"There is no pleasanter frolic for an autumn evening, in the regions where oysters are plentiful, than an impromptu 'roast' in the kitchen," M. F. K. Fisher quotes fellow oyster lover Marion Harland in her love letter to the seasonal shellfish, Consider the Oyster.
Yes, indeed. So instead of slurping the briny mollusks raw as the weather turns colder, in this final month that ends in the all-important "R" (if you follow that sort of thing), toss those beautiful bivalves into the oven à la Boston chef Jeremy Sewall.
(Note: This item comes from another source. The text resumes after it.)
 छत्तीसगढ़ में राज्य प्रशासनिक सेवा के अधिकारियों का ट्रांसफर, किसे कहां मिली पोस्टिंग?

Sewall, the chef behind Island Creek Oyster Bar, Lineage and Row 34, recently came to Tasting Table's Test Kitchen to show us how to make baked Oysters Gregory (see the recipe), a not-so-distant cousin of oysters Rockefeller.
"Oysters have all summer to get plump, fat and strong, and by fall, the water is still warm enough for them to grow," Sewall explains as he shucks one of the Island Creek oysters he brought in a little cooler. "Now, they're really salty and briny, and when you add sweet, salt and crunch, it really brings out the oyster."
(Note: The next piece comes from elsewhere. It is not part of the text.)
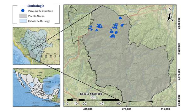 El estudio se llevó a cabo en el municipio de Pueblo Nuevo, Durango, México. Localizado entre los paralelos 22° 56’ y 23° 59’ de latitud norte y los meridianos 104° 45’ y 105° 48’ de longitud oeste (INEGI, 2010). Esta región es la más importante en el país en lo que respecta a de producción forestal (Figura 1).

Sewall goes through about 3,000 oysters a day at his restaurants. Oysters Gregory, his salt-baked oysters topped with bacon- and leek-studded bread crumbs, first appeared five years ago as a birthday present to Island Creek Oyster Bar co-owner Shore Gregory when the restaurant first opened. These days, as the seasons come and go, so does the dish, but it's back, at least in recipe form, in Sewall's new cookbook, The New England Kitchen: Fresh Takes on Seasonal Recipes (Rizzoli, $40).
"I'm just trying to tell the story of a really iconic part of America," Sewall explains as he toasts the bread crumbs in bacon fat, tossing in charred leeks and slivers of tarragon. "There's no other region identified by its seasons as much as New England."
He mounds slopes of kosher salt on a baking tray and nestles the fully dressed oysters on each peak. Then, into the oven they go for a short bit, filling the entire room with the scent of nutty, toasty bacon fat.
"I love cooking with oysters in the cooler months," Sewall says. "They're big and meaty and still have that great soft texture and salty flavor."
The timer goes off, and out come the oysters, still smelling delightful and crowned with crunchy golden brown crumbs. An impromptu roast has never looked so pretty.